The key to my future was Paolo. Through operations and blood transfusions, through physical pain and the agony of soul-searching, I started to look forward to his visits. He began to represent the link with a different world, the hope of change and of a new life.
His legs were not affected, and his fractured jaw, ribs and spine could not confine him to his bed indefinitely. Paolo could never stay still. He brought with him a sunny aura of adventure. He sat close by my bed, and through clenched teeth he started talking of the place where he had once lived, and to which he felt he belonged beyond explanation or reason. Lean and straight, and with a perennial suntan, his sparkling blue eyes full of suffering but also of invincible energy, Paolo evoked for me images of unbounded freedom, of wild open horizons and red sunsets, of green highlands teeming with wild animals. His presence lit the hospital room with golden light; I could smell the dry grasses of unknown savannahs, the first rains on the dust of a long drought, and feel the wind in my hair, the sun burning into my skin. The dream of my childhood revived through his vivid stories.
He told me once about the eels which leave the canals and rivers where they are born and swim back through the perilous seas to breed and to die in the Sargasso Sea, thousands of miles away. And of the baby eels which swim their way back to the same rivers and canals their parents came from. I remembered the swallows.

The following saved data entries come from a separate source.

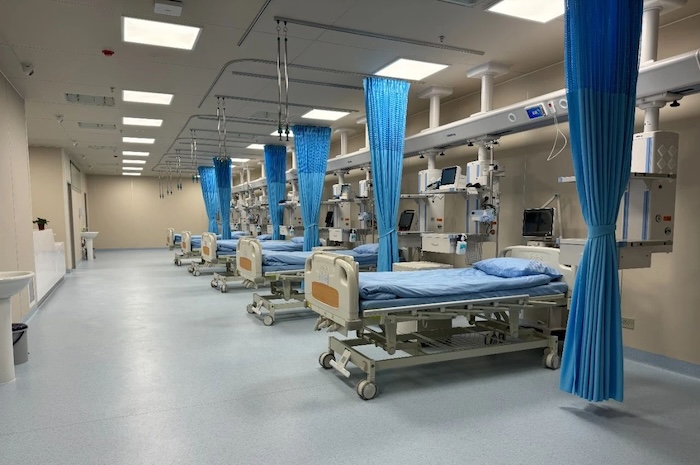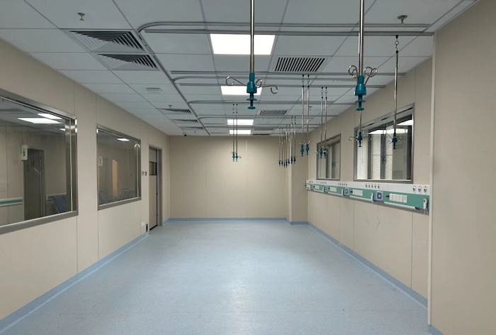 其中負三層醫學放療區、負一層EICU、負一層急救中心、負一層CT室、一層靜脈配液中心、二層影像中心、二層呼吸內科、二層DSA手術室、三層檢驗中心、三層婦科、三層產科門診手術室、四層消化內鏡、四層日間手術室、四層病理科、四層口腔科、五層手術中心、五層手術部更衣區、五層眼科門診、六層ICU、六層輸血科、六層凈化設備機房、七層血液透析、八層產科、九層NICU、十層PICU、十一層C臂室、十三層燒傷病房、十六層眼科手術室、十八層CCU合計約23000平米,共計26個科室,均由威大醫療負責施工完成。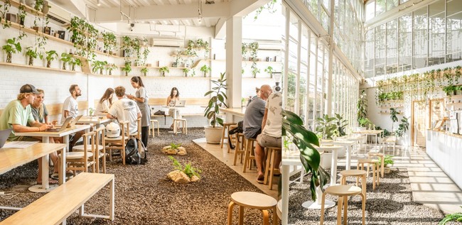 Pengunjung dapat menikmati indahnya interior modern yang disempurnakan oleh tanaman di sekitar, memberi sentuhan instagrammable cafe in Canggu yang begitu unik. Lokasi cerah karena banyaknya jendela di sekeliling menciptakan kesan outdoor yang unik pula.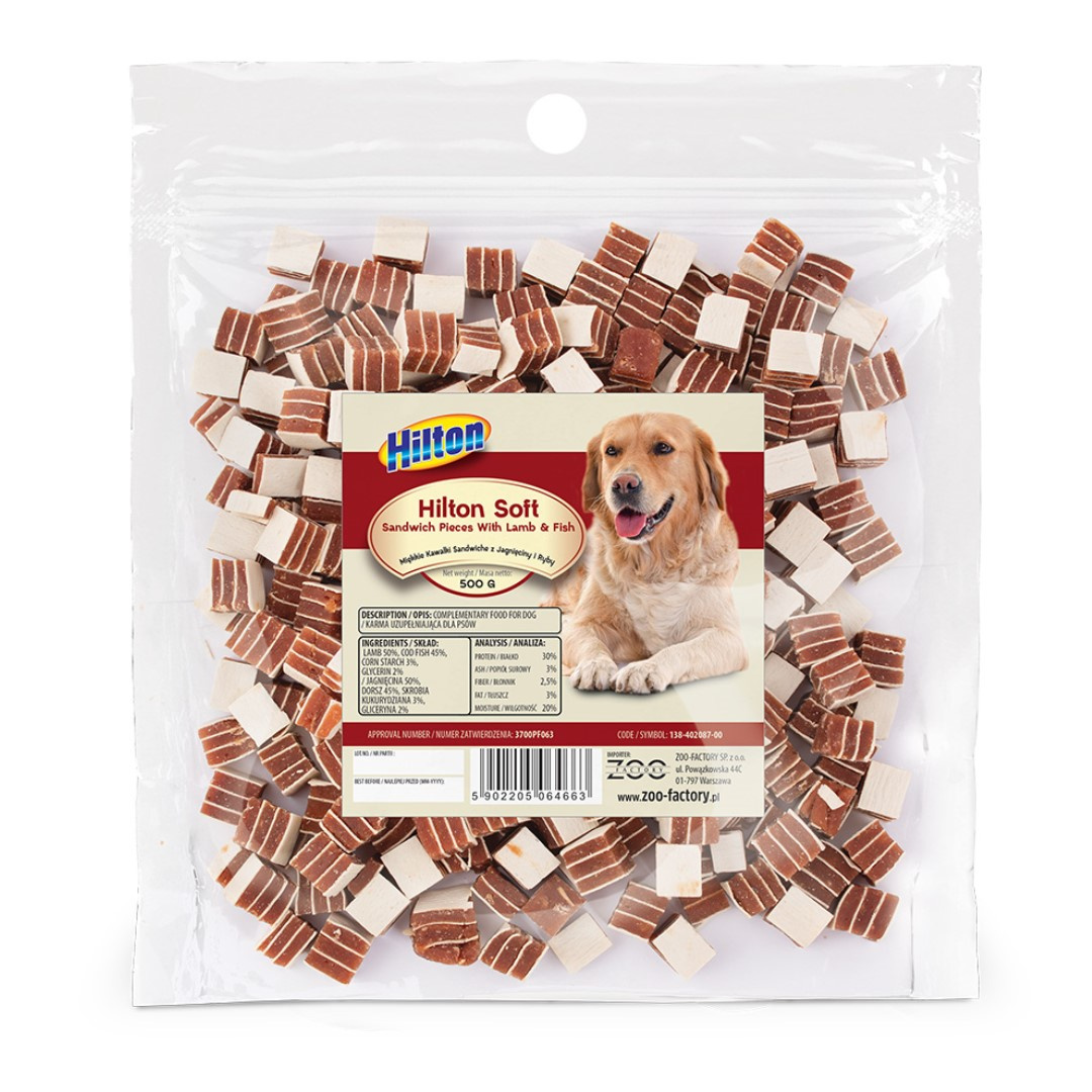 Miękkie kawałki sandwiche z jagnięciny i ryby to idealna przekąska dla Twojego psa. Niskotłuszczowe i lekkostrawne przysmaki, są doskonałym uzupełnienie karmy podstawowej dla psów.

We never spoke, in those days, of what had just happened and changed our destiny for ever. We both needed, in order to heal our deeper wounds, and to forge ahead, to look forward to a completely different existence, where shadows of the past would not hover, where memories would not haunt us, and where we could discover again the sense of life. We both instinctively knew that this could only happen in a place where we could start again from the beginning. Somewhere far away, somewhere where everything was still practically unknown. His enthusiasm totally besotted me. My enthusiasm warmed him, and gave him new hope. We were bound together by the same vision of this faraway continent beyond the sea, and by the will to survive.
By the time the weather grew cold and foggy, and the trees again lost their leaves, we were in love.
‘You must get better. You must walk again. Then I will show you Kenya.’
I could not wait. I exercised my muscles constantly under the heavy plaster, to be as fit as possible when they finally could free me of that shell.
When they did, Paolo was there. He helped me to sit up in the bed, and I could look out of the window at a grey winter sea. But when I tried to stand, I could not. My leg was not just weak, it was shorter, twisted. I was a cripple.
4
Africa
I speak of Africa and golden joys.
Shakespeare, 2 Henry IV
It was as a cripple that I set foot for the first time in the country where I had dreamed I would one day walk tall, looking out at the breathtaking spaces of the Great Rift Valley.
I was pushed to the plane for Nairobi in a wheelchair, but on board I was helped by Paolo. From the moment I saw his lean suntanned face shed all the night tiredness as the African dawn lighted up the sky, I knew we had arrived. He was peering out of the aeroplane window with intense concentration, smiling. It was as if a light had sprung up in him, and for the first time since Mariangela had died, I saw his genuine self return and take over.
There was a new spring in his long easy step, a glorious progression, as if he walked again on safe territory where he felt he belonged and ought to be living, a land he was familiar with and which he understood; where he could be at his very best. He showed me Kenya as I had always known he would, with the enthusiasm of one who only there had been truly happy, and who had never wanted to leave. Even if it had to be with crutches, this was Africa at last. Kenya in February 1970 was at its hottest and driest. The yellow grass and the first acacias on the way from the airport; a gazelle – perhaps an impala – grazing in the long strange grass; the African faces of smiling porters; women in bright cloths balancing baskets on their heads: these were my most vivid impressions, after the fog and dampness of Venice.
The strange tropical plants enchanted me. I was astonished by my first jacaranda in full bloom, in a glory of blue. Here was a totally different continent, where every physical stimulus was accentuated, strong and almost aggressively beautiful, as if painted by a sure and powerful hand. The subtle watercolour gentleness of sophisticated and waning Europe now seemed more alien to my nature than the burning, merciless, splendid sun which welcomed us.
We drove straight to Nairobi. Our room at the Norfolk Hotel, the gem of the Block Hotels group, looked into an internal courtyard with cages of exotic birds. I could not sleep. A large bush of red hibiscus, Paolo’s favourite flower, grew just outside our room. It was ten times the size of the one I had tried to grow in Italy. I limped out into the sun, and observed the large scarlet flowers, their sharp yellow stamens crowned with red dots. Dew drops, like jewels, were trapped in their silky throats dusted with luminous pollen. I inhaled the subtle perfume. From the first breath I felt a new energy and an extraordinary sense of well-being, but it was from Dorian’s aeroplane, I think, that I discovered that I, too, was in love with Africa.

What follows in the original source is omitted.